**Work task**
All lines below between the line with "קונסטרוקציה מרחבית נושאת" and the line with "Remettez la poêle", including both, must be copied exactly, and the pictures must be omitted.

**Supplied records**
----------------------------------------
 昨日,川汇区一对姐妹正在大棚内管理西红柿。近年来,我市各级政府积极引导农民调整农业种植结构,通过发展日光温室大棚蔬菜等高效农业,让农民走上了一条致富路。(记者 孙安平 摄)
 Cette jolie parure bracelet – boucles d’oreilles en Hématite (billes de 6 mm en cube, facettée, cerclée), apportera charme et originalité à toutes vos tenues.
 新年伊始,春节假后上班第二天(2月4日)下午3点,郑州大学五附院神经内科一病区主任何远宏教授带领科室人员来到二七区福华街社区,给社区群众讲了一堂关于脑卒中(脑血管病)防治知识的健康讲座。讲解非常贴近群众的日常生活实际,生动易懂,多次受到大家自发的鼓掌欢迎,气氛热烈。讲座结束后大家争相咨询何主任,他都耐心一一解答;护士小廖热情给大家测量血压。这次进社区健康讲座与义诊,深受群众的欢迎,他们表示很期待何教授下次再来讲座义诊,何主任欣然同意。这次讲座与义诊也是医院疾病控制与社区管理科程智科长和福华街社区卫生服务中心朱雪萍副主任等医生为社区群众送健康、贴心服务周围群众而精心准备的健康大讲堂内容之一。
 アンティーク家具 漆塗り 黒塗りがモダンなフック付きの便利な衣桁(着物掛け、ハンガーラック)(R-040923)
----------------------------------------
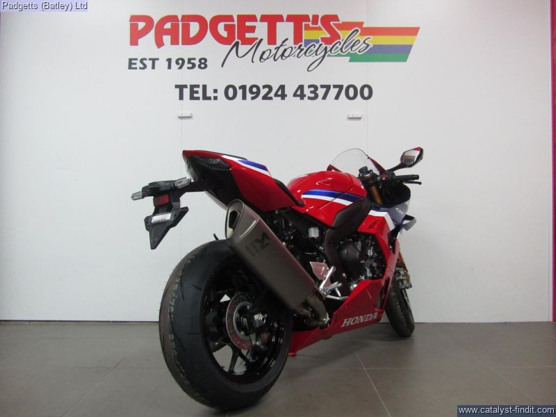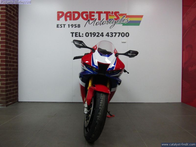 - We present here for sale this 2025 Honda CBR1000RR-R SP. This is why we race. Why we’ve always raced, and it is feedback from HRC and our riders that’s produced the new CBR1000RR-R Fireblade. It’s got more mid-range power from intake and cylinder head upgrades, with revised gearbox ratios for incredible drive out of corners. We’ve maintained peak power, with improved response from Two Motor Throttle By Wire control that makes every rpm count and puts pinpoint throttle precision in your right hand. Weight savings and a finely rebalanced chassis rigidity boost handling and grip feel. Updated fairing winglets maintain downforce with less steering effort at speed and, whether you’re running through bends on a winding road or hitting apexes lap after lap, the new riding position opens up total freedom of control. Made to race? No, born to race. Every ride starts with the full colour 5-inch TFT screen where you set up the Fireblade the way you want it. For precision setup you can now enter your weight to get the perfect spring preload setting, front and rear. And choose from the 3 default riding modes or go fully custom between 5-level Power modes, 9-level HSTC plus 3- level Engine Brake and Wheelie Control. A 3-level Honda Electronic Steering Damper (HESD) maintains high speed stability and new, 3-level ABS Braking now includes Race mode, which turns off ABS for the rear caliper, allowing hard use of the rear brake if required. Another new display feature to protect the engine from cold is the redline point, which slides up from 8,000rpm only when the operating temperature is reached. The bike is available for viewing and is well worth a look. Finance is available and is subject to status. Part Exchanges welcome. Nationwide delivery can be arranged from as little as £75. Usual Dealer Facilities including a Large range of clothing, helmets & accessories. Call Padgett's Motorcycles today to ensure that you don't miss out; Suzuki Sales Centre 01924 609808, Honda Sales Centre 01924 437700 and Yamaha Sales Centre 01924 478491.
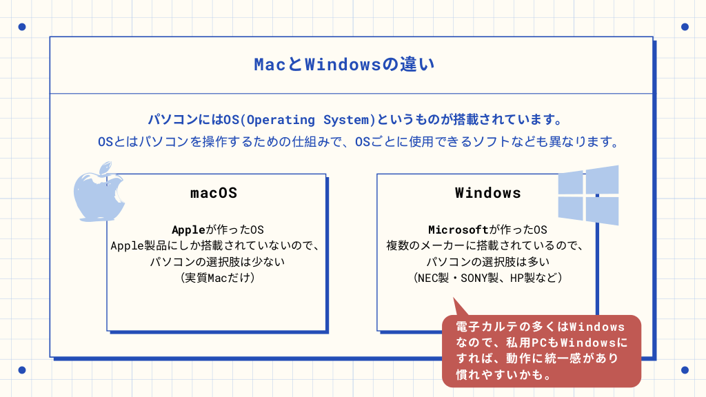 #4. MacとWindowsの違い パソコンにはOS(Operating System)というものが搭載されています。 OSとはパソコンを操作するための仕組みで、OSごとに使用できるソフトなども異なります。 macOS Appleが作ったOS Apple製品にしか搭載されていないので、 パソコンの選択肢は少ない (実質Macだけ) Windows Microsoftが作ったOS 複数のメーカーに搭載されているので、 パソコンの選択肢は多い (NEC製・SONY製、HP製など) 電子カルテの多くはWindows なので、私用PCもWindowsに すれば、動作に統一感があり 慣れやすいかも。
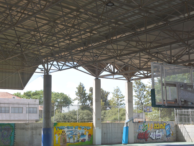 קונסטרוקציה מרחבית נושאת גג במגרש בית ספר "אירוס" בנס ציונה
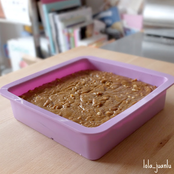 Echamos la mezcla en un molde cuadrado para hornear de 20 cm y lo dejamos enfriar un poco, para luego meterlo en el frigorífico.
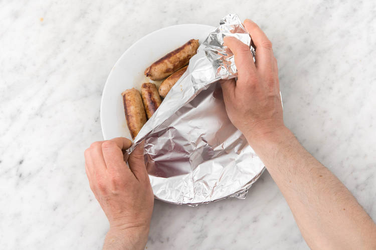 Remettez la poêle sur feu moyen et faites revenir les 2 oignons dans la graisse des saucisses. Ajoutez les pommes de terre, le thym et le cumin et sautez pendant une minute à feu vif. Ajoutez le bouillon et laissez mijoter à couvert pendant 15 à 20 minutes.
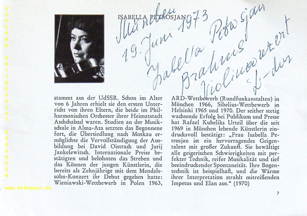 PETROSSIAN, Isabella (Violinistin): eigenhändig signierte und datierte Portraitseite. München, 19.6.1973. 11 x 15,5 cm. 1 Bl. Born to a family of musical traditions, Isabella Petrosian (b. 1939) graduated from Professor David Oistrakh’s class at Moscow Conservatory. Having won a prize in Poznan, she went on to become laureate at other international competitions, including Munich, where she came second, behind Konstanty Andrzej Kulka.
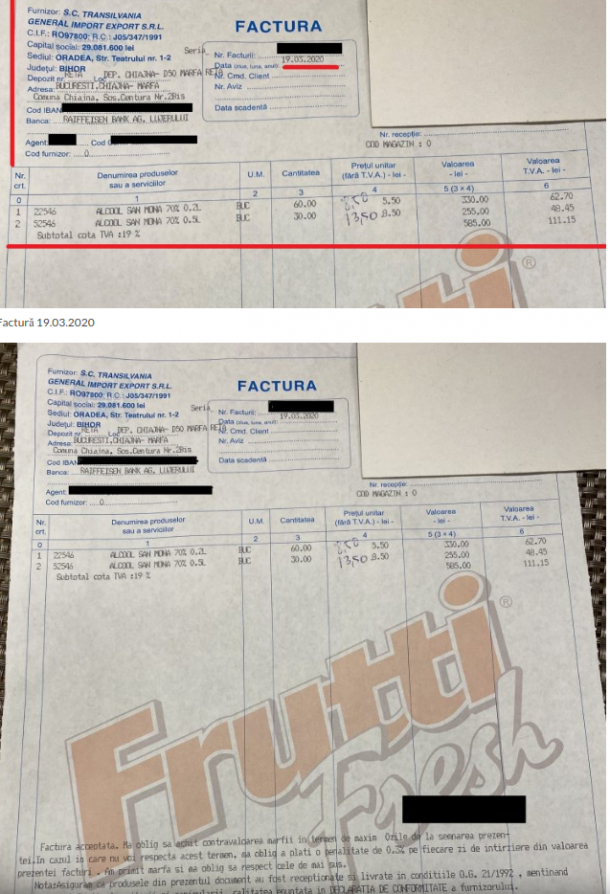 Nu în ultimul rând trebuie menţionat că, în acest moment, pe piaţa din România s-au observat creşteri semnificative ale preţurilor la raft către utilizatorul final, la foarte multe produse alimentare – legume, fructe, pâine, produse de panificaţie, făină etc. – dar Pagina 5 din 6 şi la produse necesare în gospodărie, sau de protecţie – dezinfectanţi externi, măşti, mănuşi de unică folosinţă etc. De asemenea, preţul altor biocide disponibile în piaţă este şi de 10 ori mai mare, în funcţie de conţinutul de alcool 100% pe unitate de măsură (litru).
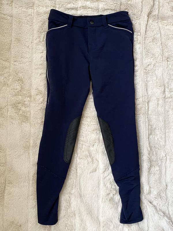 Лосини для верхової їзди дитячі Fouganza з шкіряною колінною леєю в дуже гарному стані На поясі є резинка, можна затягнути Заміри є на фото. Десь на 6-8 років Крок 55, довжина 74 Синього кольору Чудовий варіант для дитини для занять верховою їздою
----------------------------------------
**Task answer**
 קונסטרוקציה מרחבית נושאת גג במגרש בית ספר "אירוס" בנס ציונה
 Echamos la mezcla en un molde cuadrado para hornear de 20 cm y lo dejamos enfriar un poco, para luego meterlo en el frigorífico.
 Remettez la poêle sur feu moyen et faites revenir les 2 oignons dans la graisse des saucisses. Ajoutez les pommes de terre, le thym et le cumin et sautez pendant une minute à feu vif. Ajoutez le bouillon et laissez mijoter à couvert pendant 15 à 20 minutes.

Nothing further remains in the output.